*PROVIDED RECORDS:*

☆ ☆ ☆ ☆

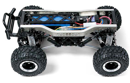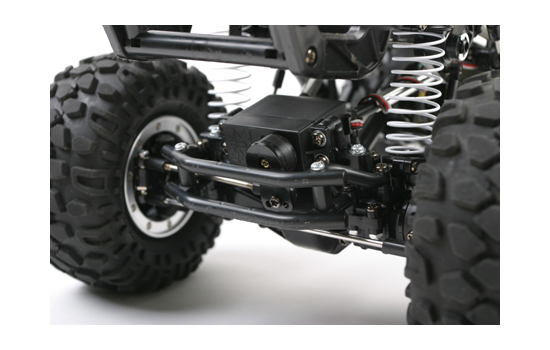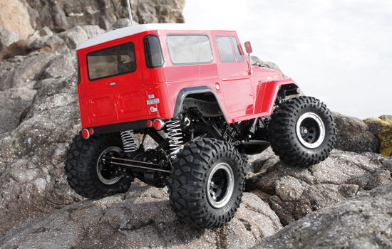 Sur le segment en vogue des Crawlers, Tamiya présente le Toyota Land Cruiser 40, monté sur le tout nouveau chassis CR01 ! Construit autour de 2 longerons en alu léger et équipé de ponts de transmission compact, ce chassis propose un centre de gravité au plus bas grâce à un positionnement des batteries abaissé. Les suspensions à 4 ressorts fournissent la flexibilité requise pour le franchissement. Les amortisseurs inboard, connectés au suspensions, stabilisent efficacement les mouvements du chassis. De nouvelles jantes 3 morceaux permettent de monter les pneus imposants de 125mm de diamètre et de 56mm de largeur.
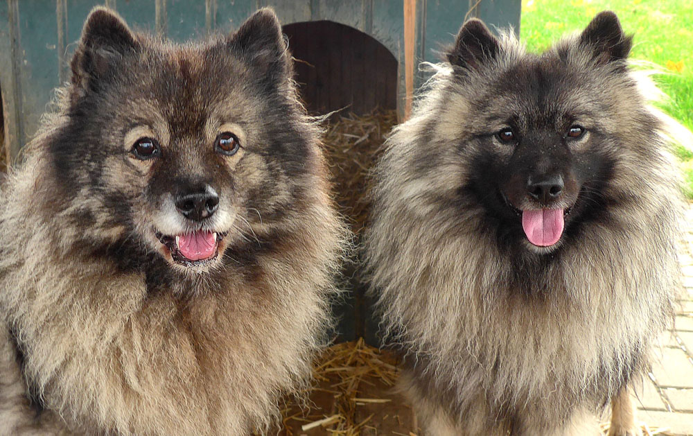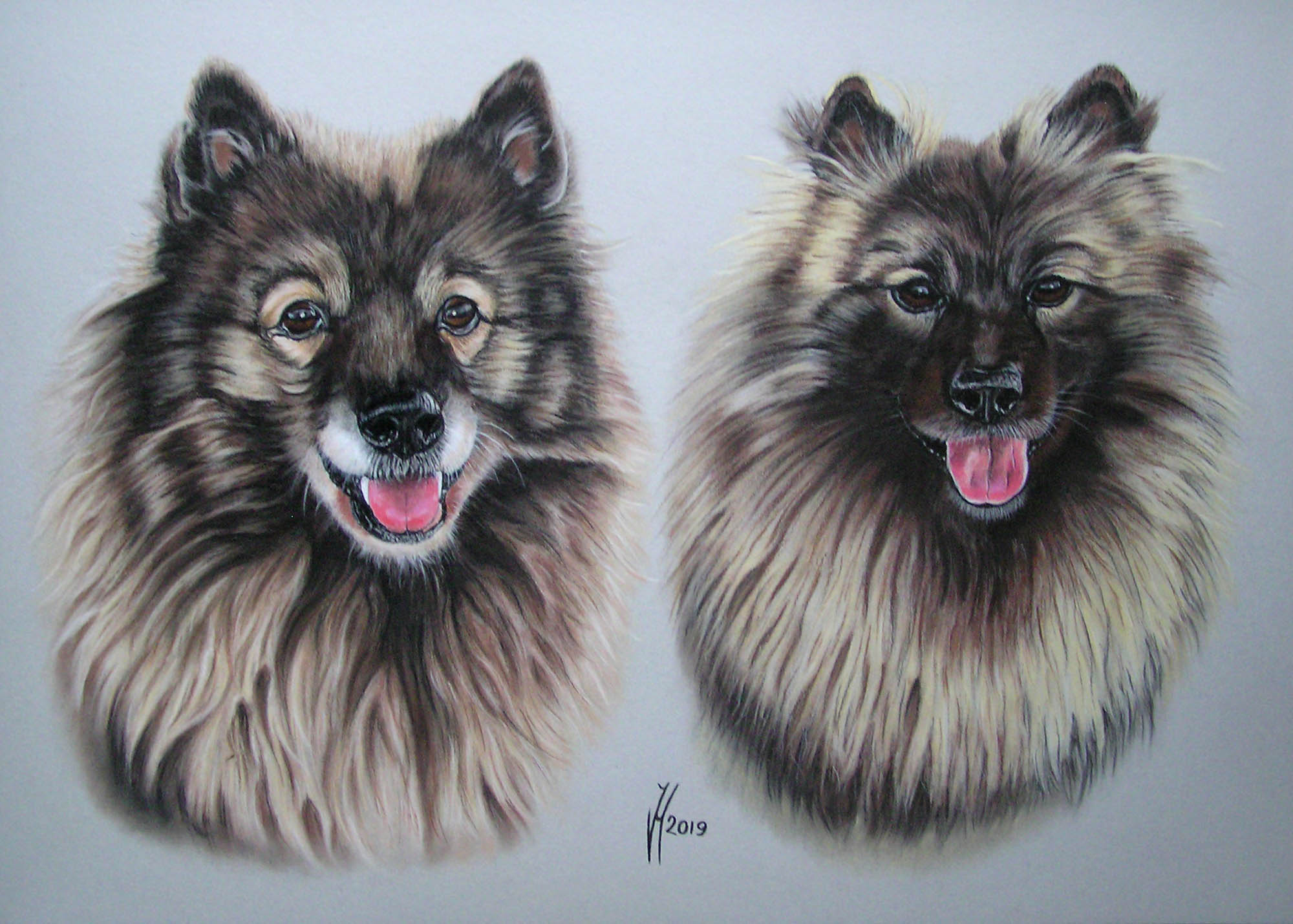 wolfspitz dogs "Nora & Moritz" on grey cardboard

☆ ☆ ☆ ☆

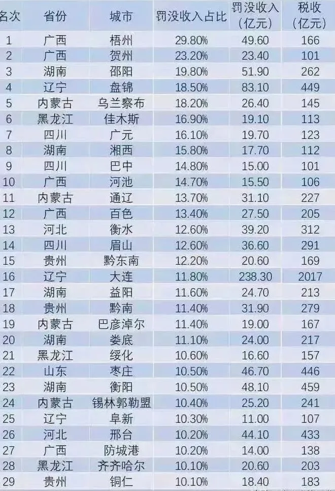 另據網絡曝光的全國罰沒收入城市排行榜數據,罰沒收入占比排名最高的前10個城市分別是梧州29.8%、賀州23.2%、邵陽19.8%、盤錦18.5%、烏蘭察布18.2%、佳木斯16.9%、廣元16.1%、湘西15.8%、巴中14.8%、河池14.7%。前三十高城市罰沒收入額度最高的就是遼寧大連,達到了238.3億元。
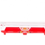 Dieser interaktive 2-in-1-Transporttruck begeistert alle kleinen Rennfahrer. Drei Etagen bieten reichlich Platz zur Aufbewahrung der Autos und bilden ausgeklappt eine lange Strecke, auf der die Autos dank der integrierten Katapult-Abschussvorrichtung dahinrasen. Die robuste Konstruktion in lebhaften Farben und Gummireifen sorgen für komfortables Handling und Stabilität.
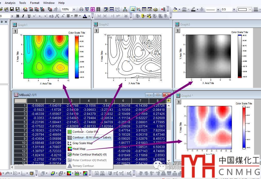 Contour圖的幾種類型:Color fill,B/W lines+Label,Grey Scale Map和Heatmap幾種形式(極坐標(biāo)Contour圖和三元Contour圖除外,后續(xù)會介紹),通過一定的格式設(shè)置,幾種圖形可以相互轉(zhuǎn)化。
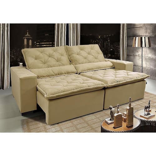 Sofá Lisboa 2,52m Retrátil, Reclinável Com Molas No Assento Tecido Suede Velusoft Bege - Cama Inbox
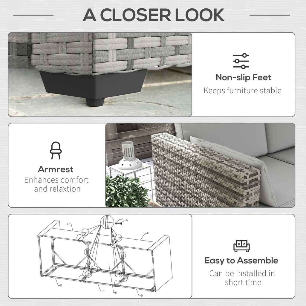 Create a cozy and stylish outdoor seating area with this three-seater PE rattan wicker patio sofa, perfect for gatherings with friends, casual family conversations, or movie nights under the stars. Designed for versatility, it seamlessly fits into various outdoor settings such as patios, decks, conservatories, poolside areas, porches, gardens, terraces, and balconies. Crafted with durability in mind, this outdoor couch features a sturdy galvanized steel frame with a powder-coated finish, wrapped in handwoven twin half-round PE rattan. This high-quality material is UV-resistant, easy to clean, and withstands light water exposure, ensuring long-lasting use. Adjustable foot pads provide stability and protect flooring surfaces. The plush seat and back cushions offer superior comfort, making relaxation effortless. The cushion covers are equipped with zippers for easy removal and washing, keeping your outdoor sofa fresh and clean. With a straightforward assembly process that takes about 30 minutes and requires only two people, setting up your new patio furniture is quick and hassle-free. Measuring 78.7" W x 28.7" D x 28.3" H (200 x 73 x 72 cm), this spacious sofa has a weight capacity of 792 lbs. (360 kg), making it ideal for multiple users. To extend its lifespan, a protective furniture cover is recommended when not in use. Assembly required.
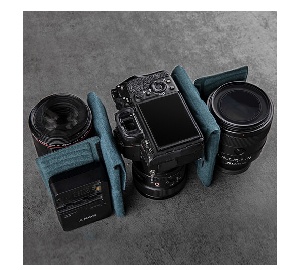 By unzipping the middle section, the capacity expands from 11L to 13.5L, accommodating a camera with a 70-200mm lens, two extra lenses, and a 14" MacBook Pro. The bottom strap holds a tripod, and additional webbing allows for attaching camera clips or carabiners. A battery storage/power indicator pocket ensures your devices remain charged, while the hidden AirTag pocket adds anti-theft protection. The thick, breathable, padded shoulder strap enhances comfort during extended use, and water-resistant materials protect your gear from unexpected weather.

☆ ☆ ☆ ☆

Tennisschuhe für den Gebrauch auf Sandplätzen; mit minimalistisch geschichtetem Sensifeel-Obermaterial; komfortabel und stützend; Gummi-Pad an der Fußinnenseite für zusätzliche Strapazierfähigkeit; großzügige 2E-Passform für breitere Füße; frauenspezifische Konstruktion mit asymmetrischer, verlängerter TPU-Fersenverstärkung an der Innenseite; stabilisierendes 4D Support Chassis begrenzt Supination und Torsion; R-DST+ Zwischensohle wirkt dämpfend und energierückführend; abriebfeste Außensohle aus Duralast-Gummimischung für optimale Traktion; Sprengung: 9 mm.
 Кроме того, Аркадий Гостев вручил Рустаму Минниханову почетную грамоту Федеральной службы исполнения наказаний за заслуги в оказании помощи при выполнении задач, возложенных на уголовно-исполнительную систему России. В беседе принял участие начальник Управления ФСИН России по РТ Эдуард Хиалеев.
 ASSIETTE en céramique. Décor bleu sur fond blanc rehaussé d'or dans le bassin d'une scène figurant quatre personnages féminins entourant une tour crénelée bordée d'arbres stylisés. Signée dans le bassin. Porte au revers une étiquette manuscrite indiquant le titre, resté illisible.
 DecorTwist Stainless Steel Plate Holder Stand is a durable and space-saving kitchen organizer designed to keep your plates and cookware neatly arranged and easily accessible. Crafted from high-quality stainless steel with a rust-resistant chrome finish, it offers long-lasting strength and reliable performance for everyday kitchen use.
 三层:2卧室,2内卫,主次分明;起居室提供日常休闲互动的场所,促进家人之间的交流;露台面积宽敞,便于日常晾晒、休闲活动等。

☆ ☆ ☆ ☆

Above are entries with pictures among them. Write out exactly the lines from the one containing "Contour圖的幾種類型:Color fill,B/W lines+Label,Grey" through the one containing "Sofá Lisboa 2,52m", ends included, and leave those pictures out.

*RESULT:*
 Contour圖的幾種類型:Color fill,B/W lines+Label,Grey Scale Map和Heatmap幾種形式(極坐標(biāo)Contour圖和三元Contour圖除外,后續(xù)會介紹),通過一定的格式設(shè)置,幾種圖形可以相互轉(zhuǎn)化。
 Sofá Lisboa 2,52m Retrátil, Reclinável Com Molas No Assento Tecido Suede Velusoft Bege - Cama Inbox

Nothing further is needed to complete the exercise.